[Dataset section]:
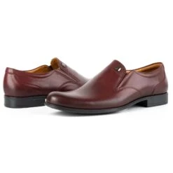Les chaussures Kampol pour hommes dans une élégante couleur bordeaux sont le complément parfait à une tenue élégante. Un nez lisse et allongé leur ajoute du style. Ils sont fabriqués en cuir naturel qui s’adapte bien à la forme du pied et rend les chaussures très confortables. Sur les côtés, de petites bandes élastiques permettent de glisser facilement le pied dans les chaussures sans se baisser.
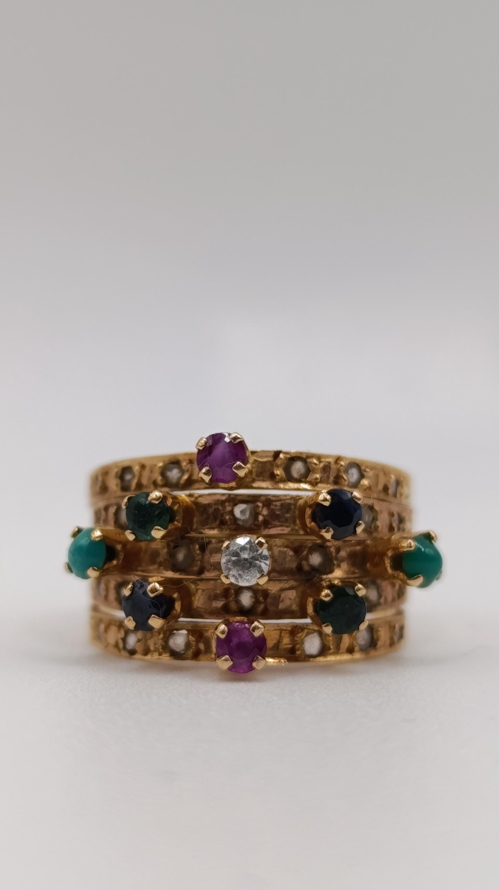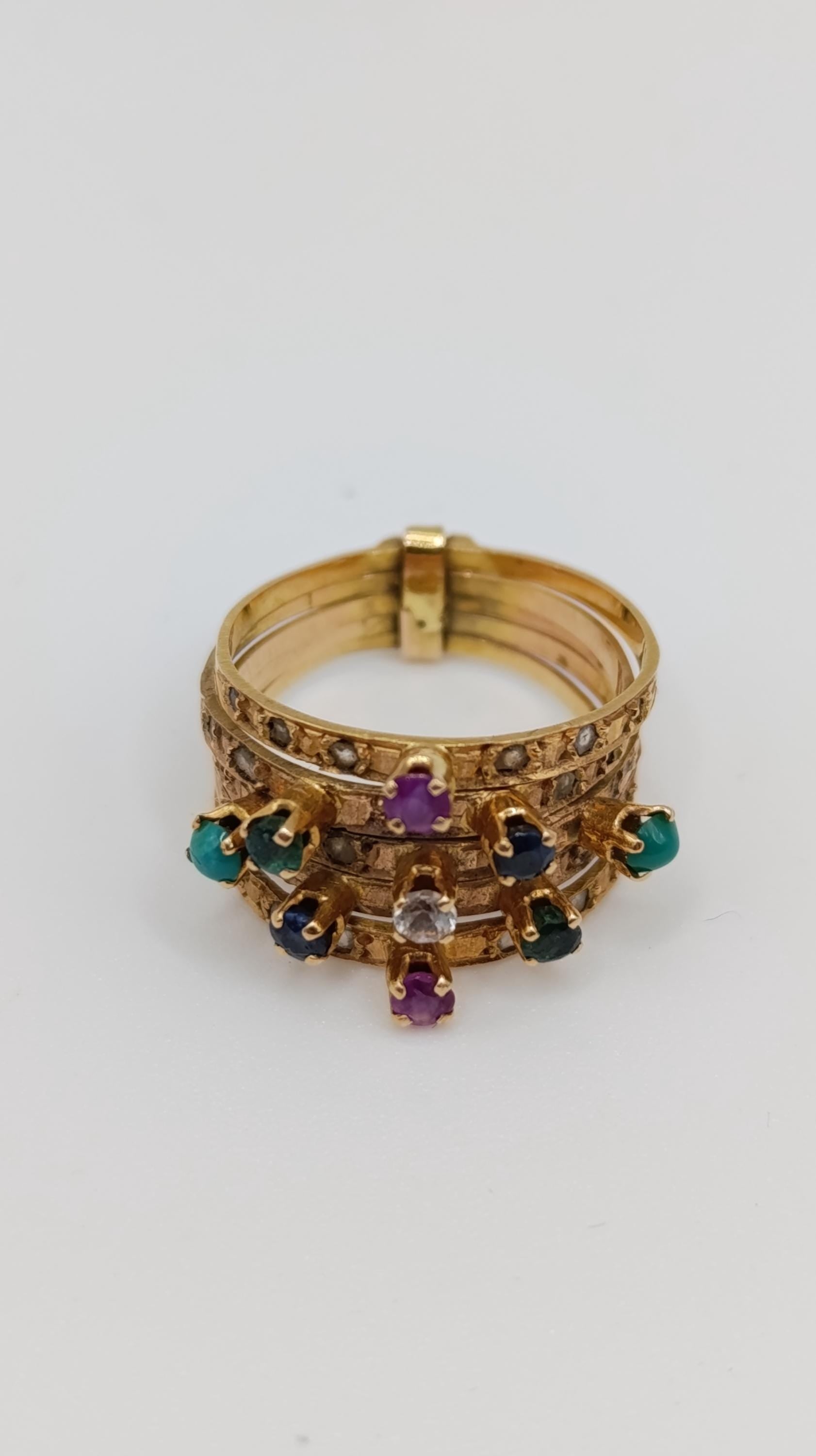 A rare and important Edwardian period (early 20th century) suite of five independent stacking rings in 18ct yellow gold, designed to interlock with a gold loop at the back. Together, the bands form a striking diamond-shaped motif when stacked, showcasing a combination of rose-cut diamonds and precious gemstone accents including sapphire, ruby, turquoise and emerald, along with pearls.
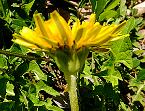 | ニホンタンポポ:キク科 右 総苞片(そうほうへん))をのぞきこんだら くるっと下に反り返っていなかった |
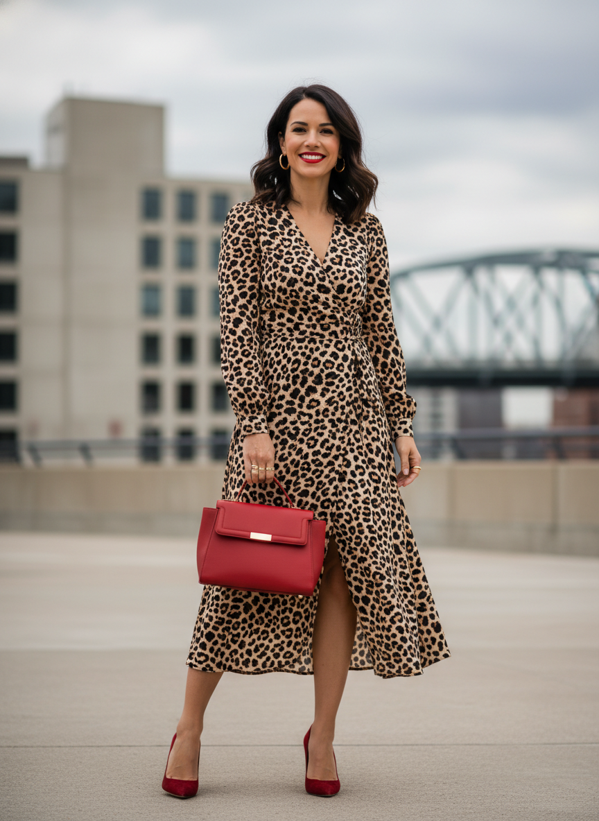 A red handbag, a pair of red heels, or even a classic red lip is enough to shift the entire energy of a leopard look.

[Try it]: Starting at the line that holds "総苞片(そうほうへん))をのぞきこんだら くるっと下に反り返っていなかった |" and ending at the last line of the material above, repeat each line exactly, both ends included, and leave the pictures out.

[Exercise output]:
 | ニホンタンポポ:キク科 右 総苞片(そうほうへん))をのぞきこんだら くるっと下に反り返っていなかった |
 A red handbag, a pair of red heels, or even a classic red lip is enough to shift the entire energy of a leopard look.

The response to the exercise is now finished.